Basque Prisoners on Hunger Strike, 1931. In 1931, inspired by the hunger strike led by Irish nationalist Terence MacSwiney, some Basque nationalists went on hunger strike. This became a recurrent tactic used by Basque nationalists.
Thirdly, anti-colonialism was essential for the internationalisation of the Basque cause. Basque nationalists declared themselves on many occasions ‘enemies of (…) selfish imperialism which subjects other nations to its despotic power’.[4] Basque nationalists condemned global imperialism and launched campaigns against colonial rule in occupied countries such as Morocco and Abyssinia, establishing sympathies that transcended borders.
On many occasions, internationalist desires had material consequences. The most illustrative example is the creation of the so-called League of the Oppressed Nations in 1924, which was to unite Euskadi, Catalonia, Egypt, the Philippines, India, Ireland and Morocco. Basque nationalists created the organisation for ‘the mutual help for the achievement of our objective: freedom’ and ‘the internationalisation of our (Basque) problems’.[5] My thesis delves into Basque anti-colonial organisations such as this, which have tended to be overlooked in the historiography.
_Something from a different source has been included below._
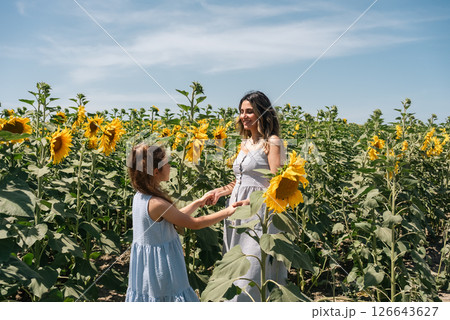 Mother and her little daughter standing in sunflower field.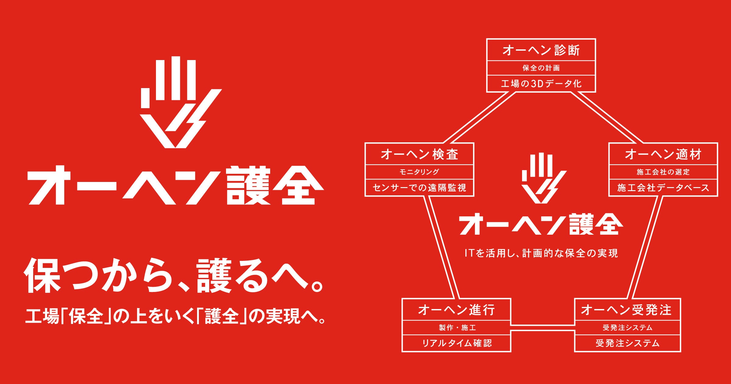 「大型製造工場の"予防保全"を広め工場の健康寿命を延ばして持続可能にする」をミッションに掲げるオーヘン工業(本社:熊本県熊本市、代表取締役:森田悠斗)は、本日1月24日(火)より、新サービスとして、工場の維持計画を作成、施工会社の選定から、受注発注、経過観察まで、大型製造工場の維持管理を行うサービス『オーヘン護全(ごぜん)』のティザーサイトを公開致します。

My thesis finishes in 1939, but Basque radical anti-colonialism does not end there. The long-lasting violence campaign that the armed pro-independence group ETA carried out from the 1960s was justified on many occasions through the appropriation of anti-colonial language. Although the proliferation of Third-World anti-colonial movements during the 1950s and 1960s was crucial for the development of this language, it is most directly indebted to the anti-colonial theories developed by Basque radicals from the nineteenth century until the late 1930s. In this way, my thesis can be seen as a re-examination of the intellectual origins of one of the organisations that has most shaped recent Spanish history.
Maria Reyes Baztán is a final-year PhD-student at the University of Warwick. She holds an MA in Global & Comparative History from Warwick (2017) and a BA in History from Universitat de València (2016). Her PhD thesis is entitled 'anti-colonial imagination and internationalism in Basque radical nationalism (1892-1939)'.
[1] Euzkadi, 30 July 1914, Num. 542, p. 4 and Euzkadi, 10 August 1914, Num. 553, p. 1.
[2] Euskalduna, 10 March 1906, Num. 433, p. 5.
[3]K, ‘POR IRLANDA. PARA EL DIARIO EUZKADI’, Bizkaitarra, 13 May 1916, Num. 15, pp. 2-4.
[4] Jagi-Jagi, 4 April 1936, Num. 95, p. 2.
[5] Translated from the original draft of the League of the Oppressed Nations.